Loading and Validation

import yaml
from pydantic import BaseModel

def load_template(path: Path) -> ExtractionTemplate:
    """Load and validate template from YAML"""
    with open(path) as f:
        data = yaml.safe_load(f)  # Use safe_load for security

    # Pydantic validation ensures correctness
    template = ExtractionTemplate(**data)

    return template

Template Locations

  1. Built-in templates: src/inkwell/templates/default/*.yaml
  2. Category templates: src/inkwell/templates/categories/{tech,interview}/*.yaml
  3. User templates: ~/.config/inkwell/templates/*.yaml

Priority: User templates override built-in templates with same name

Alternatives Considered

Alternative 1: TOML

Example:

name = "summary"
version = "1.0"
description = "Generate a comprehensive episode summary"

system_prompt = """
You are an expert podcast analyst.
"""

applies_to = ["all"]

Pros: - Type-safe (explicit strings, ints, booleans) - No indentation issues - Python ecosystem (pyproject.toml)

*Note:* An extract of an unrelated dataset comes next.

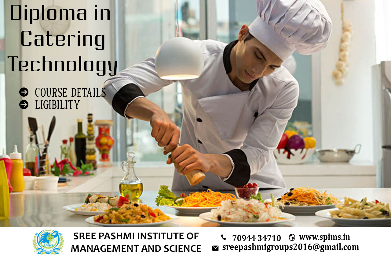 Diploma in Catering Technology / Diploma in Catering Technology course /Diploma in Catering Technology Degree/ Diploma in Catering Technology Eligibility/ Scope of Diploma in Catering Technology / Salary of Diploma in Catering Technology/ Importance of studying Diploma in Catering Technology/ Subject involved in Diploma in Catering Technology course/ Benefits of taking Diploma in Catering Technology/ Diploma in Catering Technology in Online Education/ Career opportunities for Diploma in Catering Technology graduate/Diploma in Catering Technology distance education / Diploma in Catering Technology in top University India/Diploma in Catering Technology in top University Tamilnadu / Diploma in Catering Technology in top University Coimbatore / Diploma in Catering Technology in online education in Coimbatore/Diploma in Catering Technology in online education in Tamilnadu /Diploma in Catering Technology in online education in India / Diploma in Catering Technology in capital university/Diploma in Catering Technology in Jain University / Diploma in Catering Technology in Kalinga University A Diploma in Catering Technology is a vocational course that provides specialized training and knowledge in the field of catering and food service management. The duration of a Diploma in Catering Technology course can vary, typically ranging from 1 year to 3 years, depending on the institute and the specific curriculum. The course curriculum covers various aspects of catering, food production, food and beverage service, culinary skills, food safety and hygiene, menu planning, hospitality management, and customer service. Eligibility for Diploma in Catering Technology → Students should have completed their 10th standard from a recognized board or educational institution. → The minimum age requirement is typically 16-18 years, although this can vary. → Some institutes may require students to have a certain level of proficiency in the English language, as it is crucial for effective communication in the hospitality industry. Contact Sree Pashmi Institute of Management and Science to get enrolled for distance education degrees in the best-reputed university. This is the best leading institute for distance education in Coimbatore. All the study materials, E-materials, ID cards, Syllabus, Hall tickets, and Exam Time tables will be provided by us. You will get the proper guidance from the start till finishing your degree without any difficulties in between.

Cons: - More verbose (quotes required) - Less familiar to non-Python users - Awkward for nested structures - Limited editor support

Rejected because: Verbosity and unfamiliarity outweigh type safety

Alternative 2: JSON

Example:

{
  "name": "summary",
  "system_prompt": "You are an expert...\n\nFocus on:\n- Topics\n- Takeaways",
  "applies_to": ["all"]
}

Pros: - Universal standard - Fast parsing - Strict syntax (no ambiguity) - Excellent validation (JSON Schema)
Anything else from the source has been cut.